# Video of illegal street racing results in arrest



## 05GTO (Oct 6, 2004)

*Video of illegal street racing results in arrest of 
Johnson City dentist, felony charges*
Published 12/13/2006 By RAIN SMITH​
BLUFF CITY - Police have charged a 38-year-old Johnson City dentist with street racing and felony reckless endangerment.

According to the Bluff City Police Department, Byron Keith Elliott was served a warrant on Monday, arrested and then posted bail. The Piney Flats resident is a dentist at New South Endodontics, 122 E. Watauga Ave., Johnson City. 

Police say calls from concerned residents on Dec. 3 sparked the charges against Elliott. Two cars were reported racing on Mountain View Drive, located on the back side of the Tri-County Industrial Park. When Sgt. Shannon Winters arrived at the scene, he was able to locate only one of the vehicles, a Pontiac GTO driven by Ian Ross, 20, of Kingsport. 

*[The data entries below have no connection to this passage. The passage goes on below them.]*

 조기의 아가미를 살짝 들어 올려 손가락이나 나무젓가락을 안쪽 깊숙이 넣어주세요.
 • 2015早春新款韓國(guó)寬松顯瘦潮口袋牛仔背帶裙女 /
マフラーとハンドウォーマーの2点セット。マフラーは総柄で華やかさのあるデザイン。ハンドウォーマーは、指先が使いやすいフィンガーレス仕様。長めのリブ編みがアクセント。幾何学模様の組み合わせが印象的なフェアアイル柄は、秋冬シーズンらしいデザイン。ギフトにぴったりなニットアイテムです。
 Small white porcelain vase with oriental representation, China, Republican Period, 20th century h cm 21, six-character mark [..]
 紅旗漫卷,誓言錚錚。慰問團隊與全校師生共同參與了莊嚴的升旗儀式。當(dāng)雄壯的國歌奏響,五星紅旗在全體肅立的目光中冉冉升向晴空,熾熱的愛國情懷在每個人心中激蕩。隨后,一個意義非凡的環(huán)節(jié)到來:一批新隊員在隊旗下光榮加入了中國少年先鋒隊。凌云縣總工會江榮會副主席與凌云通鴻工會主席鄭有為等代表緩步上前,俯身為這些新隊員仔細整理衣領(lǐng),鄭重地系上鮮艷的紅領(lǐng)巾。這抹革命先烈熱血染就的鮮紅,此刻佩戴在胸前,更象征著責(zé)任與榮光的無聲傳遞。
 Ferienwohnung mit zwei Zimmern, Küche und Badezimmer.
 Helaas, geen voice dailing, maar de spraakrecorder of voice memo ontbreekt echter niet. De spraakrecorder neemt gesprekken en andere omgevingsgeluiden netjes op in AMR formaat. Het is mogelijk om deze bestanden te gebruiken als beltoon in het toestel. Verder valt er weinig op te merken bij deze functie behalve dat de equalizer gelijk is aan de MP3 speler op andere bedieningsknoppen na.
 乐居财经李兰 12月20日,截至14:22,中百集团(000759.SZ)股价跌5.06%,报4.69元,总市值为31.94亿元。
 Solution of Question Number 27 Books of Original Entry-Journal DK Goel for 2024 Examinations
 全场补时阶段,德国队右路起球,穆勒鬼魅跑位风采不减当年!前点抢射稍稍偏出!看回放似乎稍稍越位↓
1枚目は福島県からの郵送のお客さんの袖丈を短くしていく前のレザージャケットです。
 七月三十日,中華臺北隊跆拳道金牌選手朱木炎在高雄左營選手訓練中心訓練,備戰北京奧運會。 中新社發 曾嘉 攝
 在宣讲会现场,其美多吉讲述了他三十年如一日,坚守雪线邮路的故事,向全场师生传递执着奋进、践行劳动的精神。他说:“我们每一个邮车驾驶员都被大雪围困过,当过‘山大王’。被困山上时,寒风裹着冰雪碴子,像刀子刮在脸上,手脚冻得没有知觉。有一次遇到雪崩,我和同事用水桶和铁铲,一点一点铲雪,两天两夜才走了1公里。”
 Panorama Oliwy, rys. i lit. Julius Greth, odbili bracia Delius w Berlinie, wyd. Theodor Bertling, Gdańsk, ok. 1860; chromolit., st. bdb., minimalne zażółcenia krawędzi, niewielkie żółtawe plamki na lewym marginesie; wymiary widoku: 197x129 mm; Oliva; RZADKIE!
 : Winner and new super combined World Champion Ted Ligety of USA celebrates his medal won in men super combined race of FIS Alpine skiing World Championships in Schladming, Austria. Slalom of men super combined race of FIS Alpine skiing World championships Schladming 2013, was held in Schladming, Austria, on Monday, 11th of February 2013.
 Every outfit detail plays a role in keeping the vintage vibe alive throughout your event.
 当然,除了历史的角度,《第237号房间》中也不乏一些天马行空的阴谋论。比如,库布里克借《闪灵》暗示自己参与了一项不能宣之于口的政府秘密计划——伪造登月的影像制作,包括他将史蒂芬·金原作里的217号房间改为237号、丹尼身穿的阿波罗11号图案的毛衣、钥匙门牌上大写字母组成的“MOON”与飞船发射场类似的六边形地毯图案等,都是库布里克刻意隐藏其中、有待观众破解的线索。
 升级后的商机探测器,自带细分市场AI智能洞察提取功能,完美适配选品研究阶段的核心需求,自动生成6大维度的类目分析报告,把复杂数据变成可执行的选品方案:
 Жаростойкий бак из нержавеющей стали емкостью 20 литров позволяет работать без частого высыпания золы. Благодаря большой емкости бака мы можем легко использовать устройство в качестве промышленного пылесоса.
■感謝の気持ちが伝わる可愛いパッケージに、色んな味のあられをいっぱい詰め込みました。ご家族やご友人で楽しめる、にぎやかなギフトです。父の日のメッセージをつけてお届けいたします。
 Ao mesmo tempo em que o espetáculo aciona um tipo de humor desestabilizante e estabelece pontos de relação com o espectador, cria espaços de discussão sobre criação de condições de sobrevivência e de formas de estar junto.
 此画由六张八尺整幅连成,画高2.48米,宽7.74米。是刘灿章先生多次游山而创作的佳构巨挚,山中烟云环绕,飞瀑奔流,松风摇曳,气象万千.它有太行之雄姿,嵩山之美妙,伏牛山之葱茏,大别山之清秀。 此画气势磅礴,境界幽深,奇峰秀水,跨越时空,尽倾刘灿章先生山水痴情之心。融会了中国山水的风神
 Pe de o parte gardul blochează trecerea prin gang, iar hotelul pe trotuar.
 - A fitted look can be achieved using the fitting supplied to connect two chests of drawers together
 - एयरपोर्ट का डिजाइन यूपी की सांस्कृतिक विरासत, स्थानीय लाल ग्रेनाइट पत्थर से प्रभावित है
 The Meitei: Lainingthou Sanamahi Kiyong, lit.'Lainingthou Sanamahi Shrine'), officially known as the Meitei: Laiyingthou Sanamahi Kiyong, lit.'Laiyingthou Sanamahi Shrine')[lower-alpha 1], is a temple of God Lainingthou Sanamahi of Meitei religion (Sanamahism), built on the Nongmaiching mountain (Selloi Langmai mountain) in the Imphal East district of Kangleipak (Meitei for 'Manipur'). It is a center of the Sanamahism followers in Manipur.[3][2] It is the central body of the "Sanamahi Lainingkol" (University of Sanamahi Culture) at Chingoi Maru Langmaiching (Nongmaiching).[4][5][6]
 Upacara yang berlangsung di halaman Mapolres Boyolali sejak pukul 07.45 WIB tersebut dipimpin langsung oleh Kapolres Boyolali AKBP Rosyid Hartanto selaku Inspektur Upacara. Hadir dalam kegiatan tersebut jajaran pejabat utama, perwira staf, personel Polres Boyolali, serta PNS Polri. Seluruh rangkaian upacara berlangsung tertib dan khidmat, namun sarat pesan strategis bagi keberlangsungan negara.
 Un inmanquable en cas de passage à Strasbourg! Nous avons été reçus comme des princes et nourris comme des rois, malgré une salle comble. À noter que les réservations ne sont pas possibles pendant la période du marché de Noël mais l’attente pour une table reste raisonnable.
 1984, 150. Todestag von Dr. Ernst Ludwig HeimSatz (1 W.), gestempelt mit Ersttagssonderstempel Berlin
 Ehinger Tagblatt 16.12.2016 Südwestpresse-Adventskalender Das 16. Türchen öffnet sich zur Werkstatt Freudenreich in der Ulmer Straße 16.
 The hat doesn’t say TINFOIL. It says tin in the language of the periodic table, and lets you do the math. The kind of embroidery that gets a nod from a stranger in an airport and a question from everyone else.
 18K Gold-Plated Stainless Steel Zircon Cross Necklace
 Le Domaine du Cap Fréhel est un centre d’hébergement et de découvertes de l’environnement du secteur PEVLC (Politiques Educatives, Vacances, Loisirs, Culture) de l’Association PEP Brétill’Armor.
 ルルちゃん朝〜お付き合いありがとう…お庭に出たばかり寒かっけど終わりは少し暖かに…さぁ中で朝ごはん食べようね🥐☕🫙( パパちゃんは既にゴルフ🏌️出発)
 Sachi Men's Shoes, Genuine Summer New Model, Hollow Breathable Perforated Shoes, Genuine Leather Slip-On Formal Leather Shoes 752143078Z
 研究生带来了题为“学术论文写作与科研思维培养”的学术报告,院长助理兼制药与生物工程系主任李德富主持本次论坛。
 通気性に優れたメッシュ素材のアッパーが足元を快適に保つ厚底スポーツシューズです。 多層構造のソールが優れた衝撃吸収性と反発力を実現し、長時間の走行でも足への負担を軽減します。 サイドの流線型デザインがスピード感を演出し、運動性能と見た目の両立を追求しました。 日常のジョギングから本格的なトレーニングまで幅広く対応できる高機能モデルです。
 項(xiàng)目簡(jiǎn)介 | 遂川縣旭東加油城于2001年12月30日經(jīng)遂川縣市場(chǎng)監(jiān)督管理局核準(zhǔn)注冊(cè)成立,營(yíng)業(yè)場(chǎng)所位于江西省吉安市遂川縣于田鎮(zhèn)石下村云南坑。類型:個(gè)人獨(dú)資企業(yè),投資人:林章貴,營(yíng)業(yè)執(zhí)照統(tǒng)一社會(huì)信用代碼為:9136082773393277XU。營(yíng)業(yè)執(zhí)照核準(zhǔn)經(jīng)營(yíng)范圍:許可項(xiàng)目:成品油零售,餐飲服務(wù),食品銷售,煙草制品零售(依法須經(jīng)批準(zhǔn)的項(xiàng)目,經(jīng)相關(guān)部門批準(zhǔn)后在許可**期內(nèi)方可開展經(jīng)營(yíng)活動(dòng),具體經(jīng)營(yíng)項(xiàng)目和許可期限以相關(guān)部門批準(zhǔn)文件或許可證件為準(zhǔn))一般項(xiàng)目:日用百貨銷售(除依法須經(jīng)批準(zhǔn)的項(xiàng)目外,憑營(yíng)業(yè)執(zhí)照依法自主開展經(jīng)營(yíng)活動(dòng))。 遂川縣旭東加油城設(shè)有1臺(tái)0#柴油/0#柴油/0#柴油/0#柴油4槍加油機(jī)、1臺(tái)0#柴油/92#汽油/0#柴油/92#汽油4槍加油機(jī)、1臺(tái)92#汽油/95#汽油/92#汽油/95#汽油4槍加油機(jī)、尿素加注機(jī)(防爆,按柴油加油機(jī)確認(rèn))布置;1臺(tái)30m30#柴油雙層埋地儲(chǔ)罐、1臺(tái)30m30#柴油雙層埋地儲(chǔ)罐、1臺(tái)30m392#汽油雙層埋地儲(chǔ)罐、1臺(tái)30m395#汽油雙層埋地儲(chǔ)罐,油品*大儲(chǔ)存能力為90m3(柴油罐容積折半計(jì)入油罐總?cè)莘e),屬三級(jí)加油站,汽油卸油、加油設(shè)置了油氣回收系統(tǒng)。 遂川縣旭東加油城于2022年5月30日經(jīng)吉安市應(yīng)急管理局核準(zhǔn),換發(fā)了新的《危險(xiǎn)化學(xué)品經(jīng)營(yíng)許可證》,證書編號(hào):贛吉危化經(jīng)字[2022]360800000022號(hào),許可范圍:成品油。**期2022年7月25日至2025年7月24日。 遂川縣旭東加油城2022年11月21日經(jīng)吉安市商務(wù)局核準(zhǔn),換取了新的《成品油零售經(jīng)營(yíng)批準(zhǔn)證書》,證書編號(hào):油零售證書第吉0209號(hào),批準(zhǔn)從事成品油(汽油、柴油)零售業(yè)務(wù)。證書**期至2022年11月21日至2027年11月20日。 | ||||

Police said Ross, who is an East Tennessee State University student, made an unsuccessful attempt to flee.

"It wasn't too far of a chase," said Sgt. Shannon Winters. "He backed into a parking lot and hid in the employee parking of Home Shopping Network."

Along with street racing and felony reckless endangerment, Ross is charged with speeding and avoiding arrest. 

As for Elliott, if not for modern technology - and perhaps some overexuberance on the part of Ross - he likely would not be facing charges. 

"There was evidence found in (Ross') vehicle to support arresting (Elliott)," Winters said. "A videotape was found of them out there racing (around the industrial park)."

With the evidence Bluff City police obtained a warrant for Elliott's arrest, which occurred more than a week after the incident. Winters said Elliott was driving a Mercedes when the offenses occurred. 

Both Elliott and Ross have Jan. 10 hearings in Bristol Tennessee General Sessions Court.

Winters reports street racing as nothing new to Bluff City police. However, he said it's typically a problem during Bristol Dragway's Street Fight series, which offers street-legal drag racing and autocross opportunities to the general public, using their own vehicles.

"We see it a lot in the summer with the Street Fights they have," Winters said. "Sometimes they get a little carried away once they come back down in our area."


----------



## BaadGoat2006 (Sep 23, 2006)

05GTO said:


> *Video of illegal street racing results in arrest of
> Johnson City dentist, felony charges*
> Published 12/13/2006 By RAIN SMITH​
> BLUFF CITY - Police have charged a 38-year-old Johnson City dentist with street racing and felony reckless endangerment.
> ...


That sucks, not too far from me. There are a few guys on a local f body board that may have heard something about this.


----------



## CPO's GTO (Jul 1, 2006)

I hope this doesn't mean that the Goat was filming the "rearend"
of a Mercedes in a run. What was it an AMG or something?


----------



## Holden1984 (Feb 2, 2007)

the sad thing is most mercedes are automatic...


----------